Thus, the Court does not have precise guidelines for what makes two matters "substantially related." And, indeed, "[o]ne noted authority has commented that gallons of ink have been consumed by those who have tried to determine or explain the test for deciding whether a substantial relationship exists between representations." Chrispens v. Coastal Refining & Marketing, Inc., 257 Kan. 745, 751, 897 P.2d 104, 111 (1995)(citing ABA/BNA Lawyers' Manual on Professional Conduct, 51:215). Instead of consuming more ink attempting to articulate the definitive test for what makes matters "substantially related", this Court will determine whether either the facts or the issues are so similar between the current and prior representations that disqualification is warranted.[10]
Here, the factual contexts of the two representations are not very similar. As discussed above, with regard to the non-compete, Levin and Salinger provided some legal research on non-competes in general to McCracken individually, not to ebix. Now, in their representation of the McCracken defendants, Levin and Salinger are arguing the position that McCracken did not breach his non-compete with ebix/Delphi-a non-compete that Levin and Salinger did not draft nor offer opinions on during their representation of ebix's predecessors. Thus, the facts are not similar at all. Indeed, even if Levin and Salinger were doing research and offering opinions on the actual non-compete at issue in this case, as long as they were doing so for McCracken individually, there is no conflict because Levin and Salinger had nothing to do with drafting or opining on that non-compete for ebix.[11]
Moreover, the legal issues also are not so similar that Levin and Salinger should be disqualified. In the present representation, *94 Levin and Salinger are claiming that McCracken did not violate the non-compete and perhaps that the non-compete is not enforceable; in the prior representation, Levin and Salinger provided research and an opinion on non-competition agreements in general and as stated above, they provided such to McCracken individually, not to ebix[12]. This simply is not a situation in which Levin and Salinger researched and drafted an agreement for ebix[13] and are now turning around and contesting the legality of that same agreement for the defendants. Put another way, any information communicated by ebix and its predecessors to Levin and Salinger would have no bearing on their representation of McCracken with regards to his non-compete because Levin and Salinger did not represent ebix or its predecessors with regards to that specific agreement. Thus, the non-compete issue does not provide a basis for the disqualification of Levin and Salinger.

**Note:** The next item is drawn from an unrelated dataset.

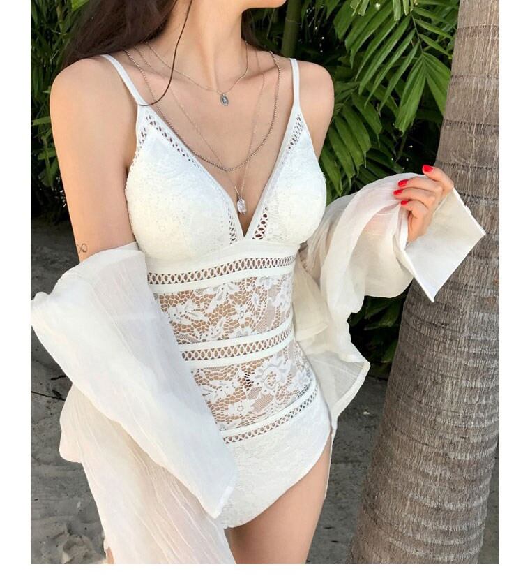 女性 ワンピース水着 温泉 巨乳 カバー腹 縫付 レース スリム セクシー ギャザリング お出かけ ビキニ

2. Copyright and Trademark Protection of Insight
ebix is also suing the McCracken defendants for copyright violations, including unlawful copying. It asserts that Levin advised MCI to register all computer programs with the Copyright Office in 1986, and to "assign someone ... to work with [him] so that we may do what is necessary to register all valuable programs." (# 68, pp. 9-10) Accordingly, MCI assigned one Colin Shea to work with Levin on copyrighting Insight's predecessor, the "Rapp Program." (Id.) Shea signed eight Certificates of Copyright Registration with the Copyright Office in July of 1987, on MCI's behalf. (Id.) ebix also posits that Levin likely represented Delphi/McCracken in re-registering those trademarks in 1994. (Id.) ebix maintains that Levin also represented MCI in the trademark registration of "INSIGHT."
The McCracken defendants respond that there is no nexus between advising MCI to register its copyrights and trademarks and actual infringement. (# 73, p. 22) The McCracken defendants are correct. Simply put, there is no substantial relationship (factually or legally) between registering copyrights and trademarks for MCI and then allegedly infringing those copyrights by copying the software and the manuals. Thus, this issue does not provide a basis for disqualifying Levin and Salinger.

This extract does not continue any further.